Concepedia

TLDR

Metabolism is thought to have originated from early abiotic chemistries, yet how these reactions were incorporated into modern enzymes remains unclear. This study investigates how purine metabolism emerged. By mapping the evolutionary ages of protein domain folds across hundreds of genomes onto metabolic enzymes, the authors reconstruct the timing of enzymatic recruitment. They find that prebiotic adenine nucleosides first enabled nucleotide interconversion, and that subsequent enzymatic recruitment over the next ~300 million years replaced abiotic steps, culminating in a fully enzymatic purine biosynthetic pathway about 3 billion years ago alongside the ribosome, thereby meeting the growing informational demands of genomes.

Abstract

The origin of metabolism has been linked to abiotic chemistries that existed in our planet at the beginning of life. While plausible chemical pathways have been proposed, including the synthesis of nucleobases, ribose and ribonucleotides, the cooption of these reactions by modern enzymes remains shrouded in mystery.
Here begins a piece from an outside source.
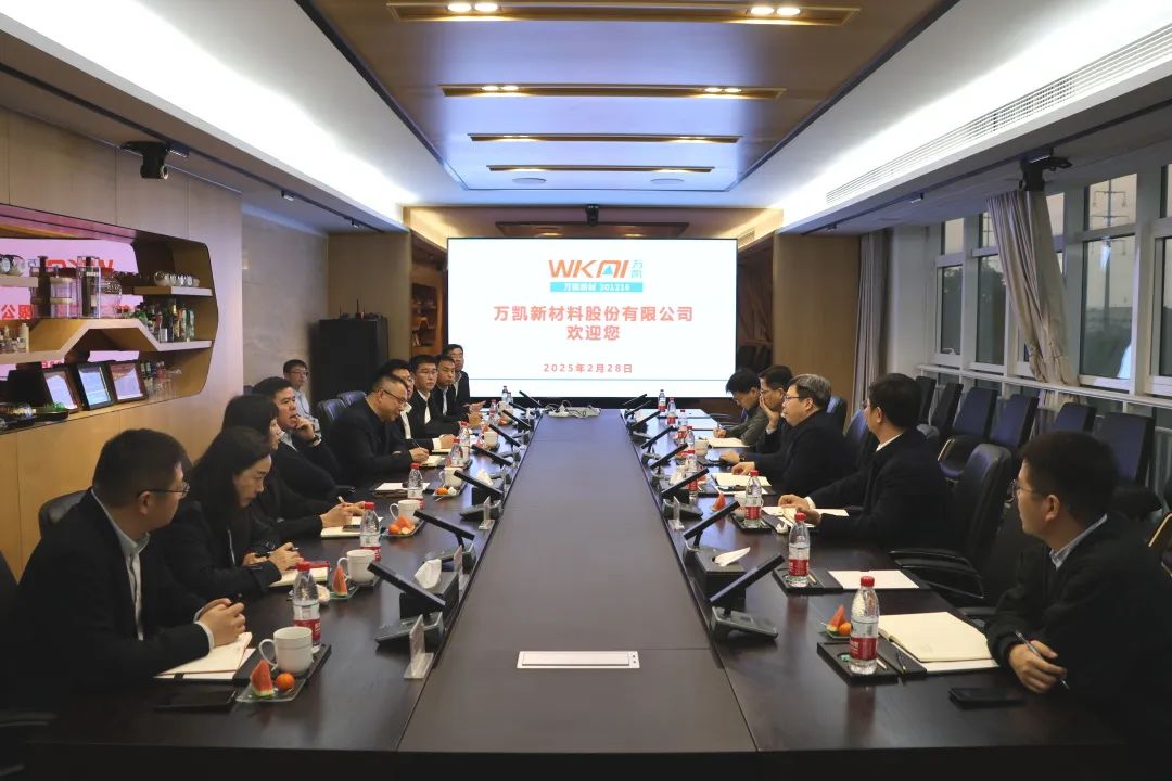 2月28日,海宁市委书记徐明良一行与中铁一局集团建安公司党委书记、董事长熊华兵等在公司进行了深入的交流座谈。万凯新材董事长沈志刚对大家的到来表示热烈欢迎,各方就进一步深化合作展开探讨。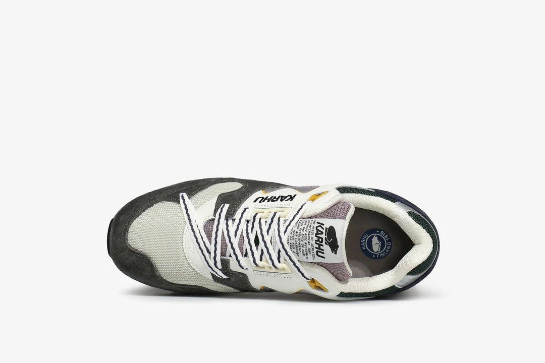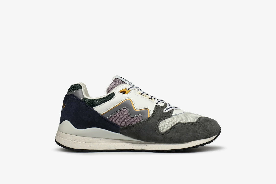 The Synchron Classic’s dual density construction remains true to the original version from the early 1990s, also making use of a double density air-cushioned midsole which provides extra comfort and support. Here the Synchron’s mesh body is split into 3 colours adding an extra dimension to the colourway with premium cuts of grey and navy suede tying it all together. The Synchron lacing system passes over the toebox for a unique finish.

Here we study the emergence of purine metabolism. The ages of protein domains derived from a census of fold family structure in hundreds of genomes were mapped onto enzymes in metabolic diagrams. We find that the origin of the nucleotide interconversion pathway benefited most parsimoniously from the prebiotic formation of adenine nucleosides. In turn, pathways of nucleotide biosynthesis, catabolism and salvage originated ∼300 million years later by concerted enzymatic recruitments and gradual replacement of abiotic chemistries. Remarkably, this process led to the emergence of the fully enzymatic biosynthetic pathway ∼3 billion years ago, concurrently with the appearance of a functional ribosome. The simultaneous appearance of purine biosynthesis and the ribosome probably fulfilled the expanding matter-energy and processing needs of genomic information.